> [Raw data]
==============================
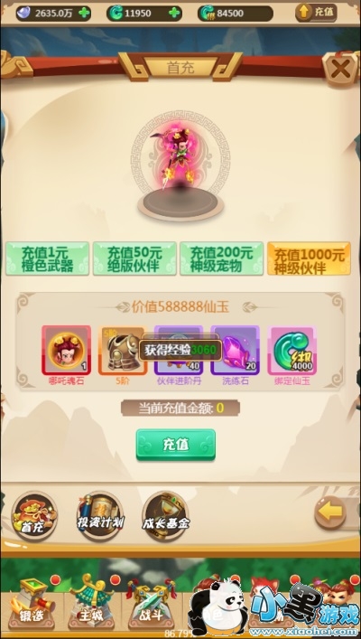 【首冲】:金额越高获得的奖励越丰富,更有红伙伴哪吒相送。
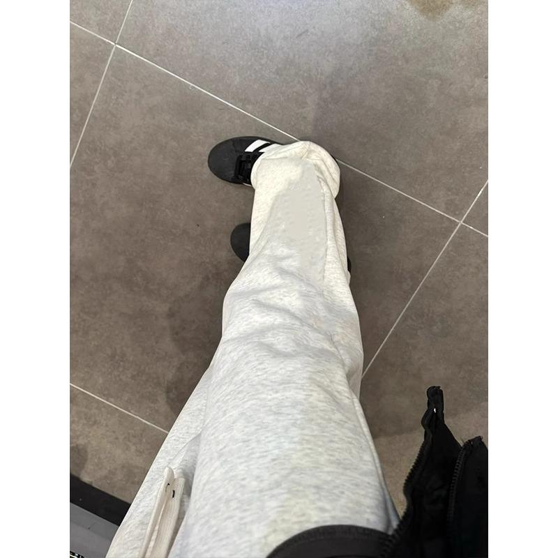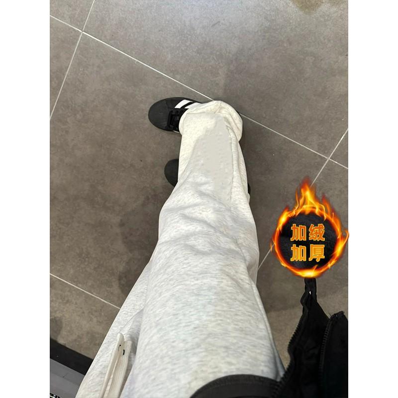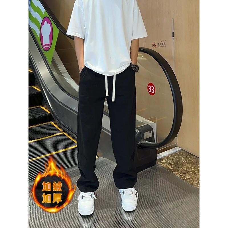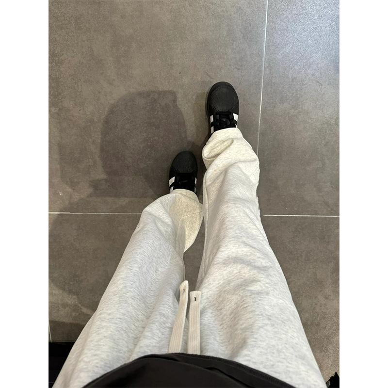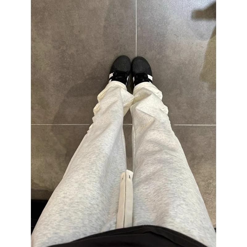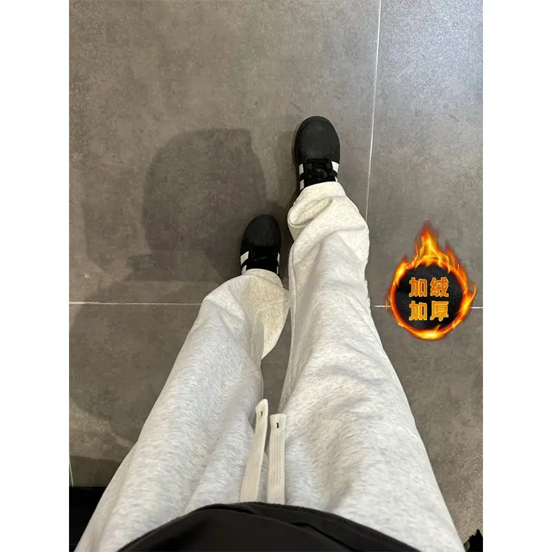 【solid color straight leg fleece-lined】off-white gray
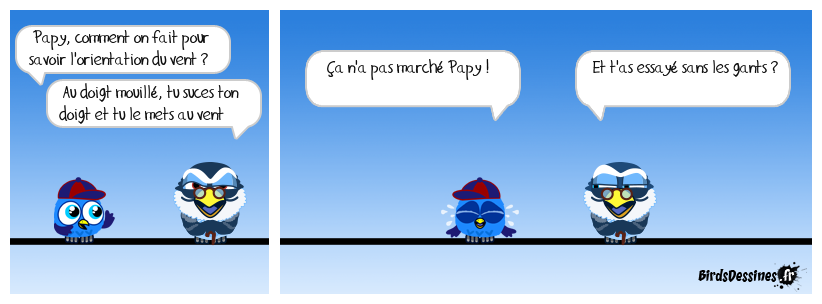 Case 1:Bird 1: Papy, comment on fait pour savoir l'orientation du vent ?Bird 2: Au doigt mouillé, tu suces ton doigt et tu le mets au vent | Case 2: Bird 1: Ça n'a pas marché Papy ! | Case 3: Bird 1: Et t'as essayé sans les gants ?
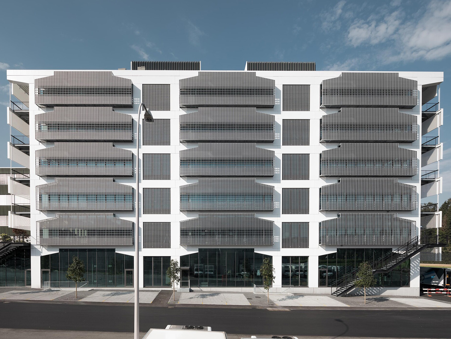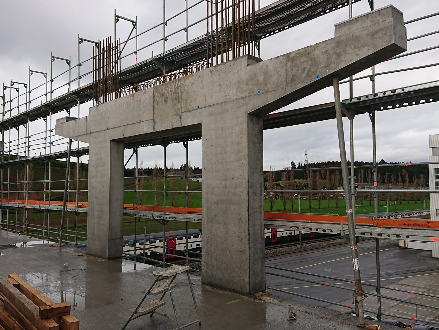 Den hohen Nutzlasten und grosse Spannweiten wird mittels konsolenartiger Tragelementen, vorgespannter Decken und spezieller Durchstanzmassnahmen Rechnung getragen. Die horizontale Aussteifung erfolgt über 6 Kerne.
==============================
> [Problem description]
Reproduce the data above line for line, from its first line through the line containing "leg fleece-lined】off-white gray", both ends included, with the pictures omitted and nothing more.

> [Solution to the exercise]
 【首冲】:金额越高获得的奖励越丰富,更有红伙伴哪吒相送。
 【solid color straight leg fleece-lined】off-white gray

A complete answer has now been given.